（双连通分量+二分图判断）POJ2942-Knights of the Round Table

Being a knight is a very attractive career: searching for the Holy Grail, saving damsels in distress, and drinking with the other knights are fun things to do. Therefore, it is not very surprising that in recent years the kingdom of King Arthur has experienced an unprecedented increase in the number of knights. There are so many knights now, that it is very rare that every Knight of the Round Table can come at the same time to Camelot and sit around the round table; usually only a small group of the knights isthere, while the rest are busy doing heroic deeds around the country. 

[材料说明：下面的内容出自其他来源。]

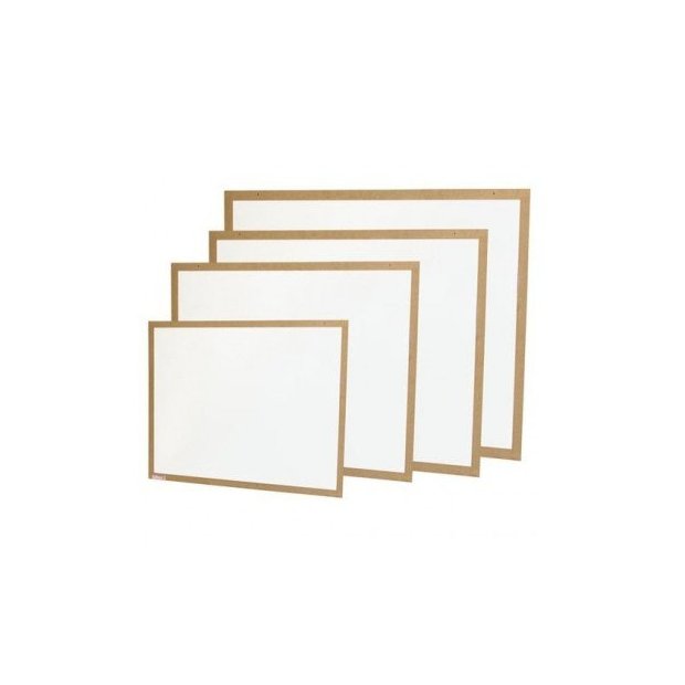 Quadro Branco, para escrita com marcador especial para quadro branco. Apagável a seco com flanela macia ou apagador com base em feltro. fabricado com matéria prima adequada a proporcionar um quadro econômico. Composição – Quadro branco com moldura de madeira – SupertelaChapa de fibra de madeira 3mm, revestida com pintura na cor branca vitrificada brilhante.Moldura madeira pinus reflorestada na cor naturalOrifícios na moldura para fixação de parafuso na parede.

Knights can easily get over-excited during discussions-especially after a couple of drinks. After some unfortunate accidents, King Arthur asked the famous wizard Merlin to make sure that in the future no fights break out between the knights. After studying the problem carefully, Merlin realized that the fights can only be prevented if the knights are seated according to the following two rules:

• The knights should be seated such that two knights who hate each other should not be neighbors at the table. (Merlin has a list that says who hates whom.) The knights are sitting around a roundtable, thus every knight has exactly two neighbors.
• An odd number of knights should sit around the table. This ensures that if the knights cannot agree on something, then they can settle the issue by voting. (If the number of knights is even, then itcan happen that ``yes" and ``no" have the same number of votes, and the argument goes on.)

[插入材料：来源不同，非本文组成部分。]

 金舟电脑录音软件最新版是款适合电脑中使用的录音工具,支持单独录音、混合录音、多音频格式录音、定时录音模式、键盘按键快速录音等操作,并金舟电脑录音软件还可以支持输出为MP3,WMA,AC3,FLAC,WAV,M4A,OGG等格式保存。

Merlin will let the knights sit down only if these two rules are satisfied, otherwise he cancels the meeting. (If only one knight shows up, then the meeting is canceled as well, as one person cannot sit around a table.) Merlin realized that this means that there can be knights who cannot be part of any seating arrangements that respect these rules, and these knights will never be able to sit at the Round Table (one such case is if a knight hates every other knight, but there are many other possible reasons). If a knight cannot sit at the Round Table, then he cannot be a member of the Knights of the Round Table and must be expelled from the order. These knights have to be transferred to a less-prestigious order, such as the Knights of the Square Table, the Knights of the Octagonal Table, or the Knights of the Banana-Shaped Table. To help Merlin, you have to write a program that will determine the number of knights that must be expelled. 

Input

The input contains several blocks of test cases. Each case begins with a line containing two integers 1 ≤ n ≤ 1000 and 1 ≤ m ≤ 1000000 . The number n is the number of knights. The next m lines describe which knight hates which knight. Each of these m lines contains two integers k1 and k2 , which means that knight number k1 and knight number k2 hate each other (the numbers k1 and k2 are between 1 and n ). 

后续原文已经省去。